=== Section Start ===

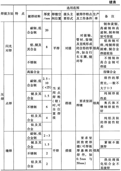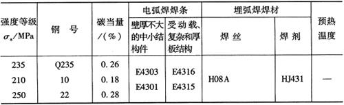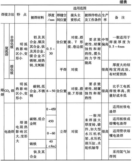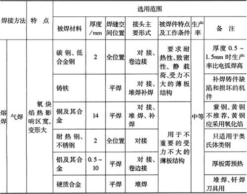 1.低碳钢和低合金钢焊接方法的选择 由于这两类钢的焊接性能良好,几乎可用所有的焊接方法。其中,对于焊缝无密封要求的薄板结构可采用点焊,有密封要求的薄壁容器可采用缝焊;对于焊缝短且处于不同空间位置或单件小批量生产的构件,可采用焊条电弧焊,它不仅设备简单、操作方便、灵活,而且还可以焊接板厚为2mm以上的各种金属结构件。 对于板厚为6~30mm的中等厚度焊件,则采用焊条电弧焊、埋弧焊或气体保护焊,尤其是气体保护焊,高效、节能、成本低、变形小,是最佳的焊接方法。但氩气成本较高,一般不必采用氩弧焊。 同时,对于大批量的长直焊缝和环焊缝,可采用埋弧自动焊;对于为35mm以上的大厚件、大截面的轴及环形件则采用电渣焊,可以小拼大,实现以焊代锻,以焊代铸的工艺方法。 2.合金钢、不锈钢和有色金属焊接方法的选择 合金钢、不锈钢和有色金属等重要焊件,应采用氩弧焊易保证焊接质量,其中铝合金和黄铜焊件,在单件生产或无氩弧焊设备时,也可采用气焊。气焊不仅适于焊接有色金属件,还可焊接低碳钢薄板,焊补铸件和火焰钎焊,以及局部加热矫正变形和局部热处理等。 3.稀有金属和高熔点金属焊接方法的选择 稀有金属和高熔点金属的焊件,一般厚度时可采用等离子弧焊接、真空电子束焊接或窄间隙脉冲氩弧焊,而微型箔件则应选用微束等离子弧焊或脉冲激光点焊。 (三)焊接填充材料的选择 焊接材料包括焊条、焊丝和焊剂等,种类很多,各有其适用范围,如表10-10和表10-11所示。 表10-10 低碳和低合金结构钢的焊接材料选择
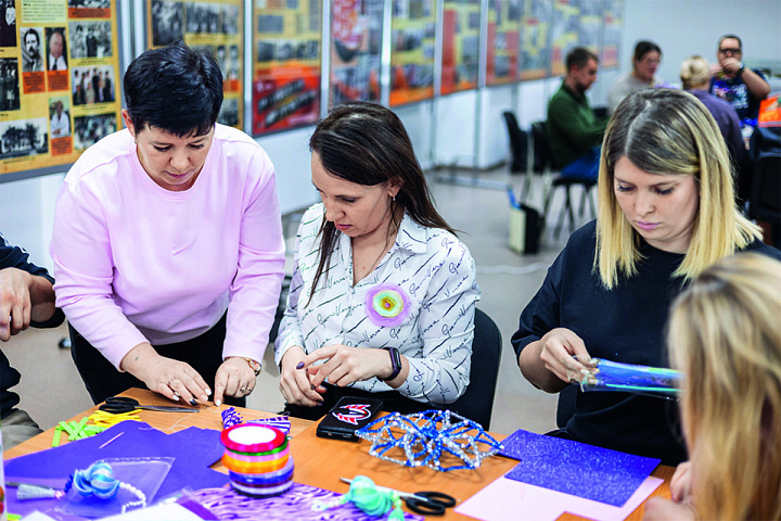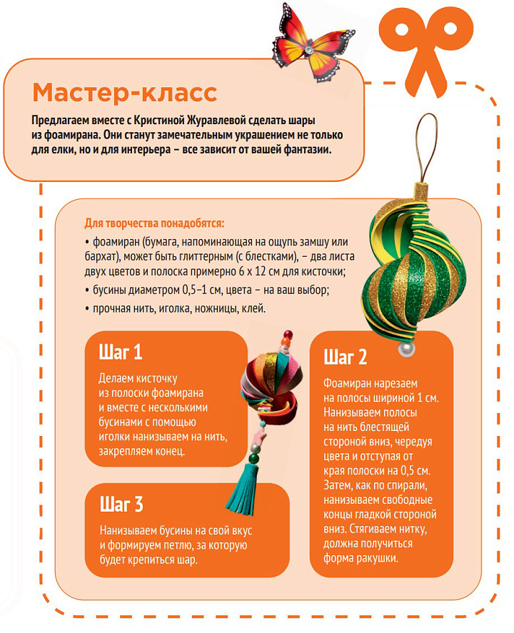 Кристина Журавлева с удовольствием делится секретами мастерства. Благодаря акции «Щедрый вторник» она провела урок для сотрудников Синарского трубного завода, которые вместе с ней создали елочные игрушки из блестящей бумаги и бусин. Рукотворные шары стали нарядом для лесной красавицы в детском социально-реабилитационном центре.
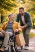 Eine Frau schiebt eine andere Frau im Rollstuhl durch einen sonnigen Park.
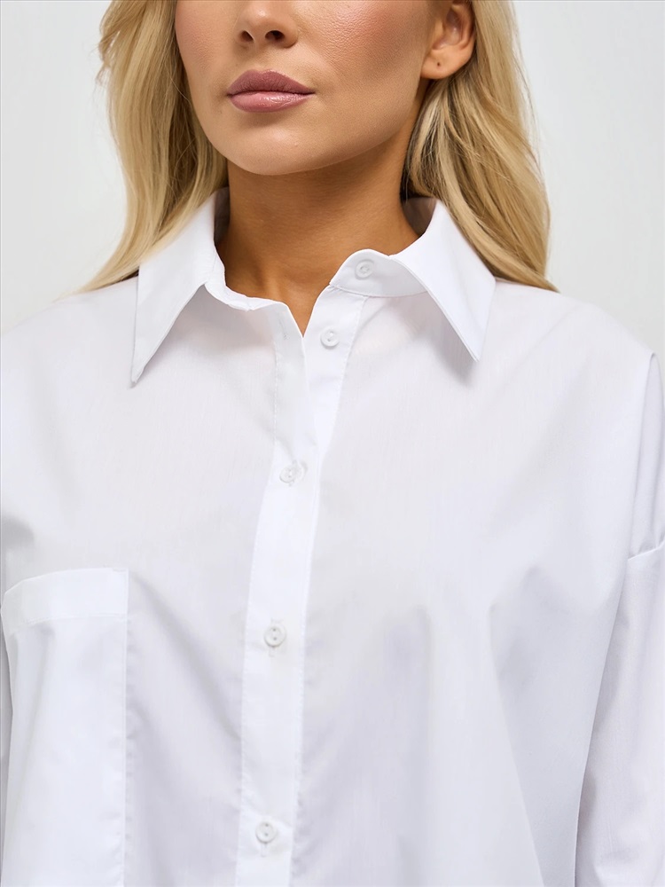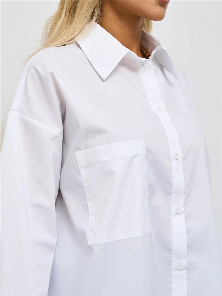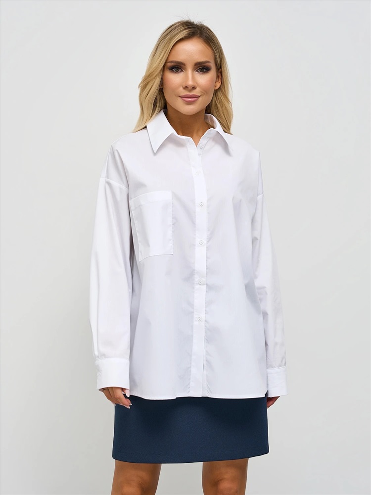 Спущенная линия плеча. Широкий рукав с манжетой на пуговице. По переду накладной карман. По спинке отрезная кокетка и центральная складка. Застежка на пуговицы. Комментарии к товару

=== Section End ===

* _PROBLEM DESCRIPTION_:
Output only the lines above from the one containing "Кристина Журавлева с" to the one containing "Eine Frau schiebt", both included, exactly as written and with no pictures.

* _WRITTEN SOLUTION_:
 Кристина Журавлева с удовольствием делится секретами мастерства. Благодаря акции «Щедрый вторник» она провела урок для сотрудников Синарского трубного завода, которые вместе с ней создали елочные игрушки из блестящей бумаги и бусин. Рукотворные шары стали нарядом для лесной красавицы в детском социально-реабилитационном центре.
 Eine Frau schiebt eine andere Frau im Rollstuhl durch einen sonnigen Park.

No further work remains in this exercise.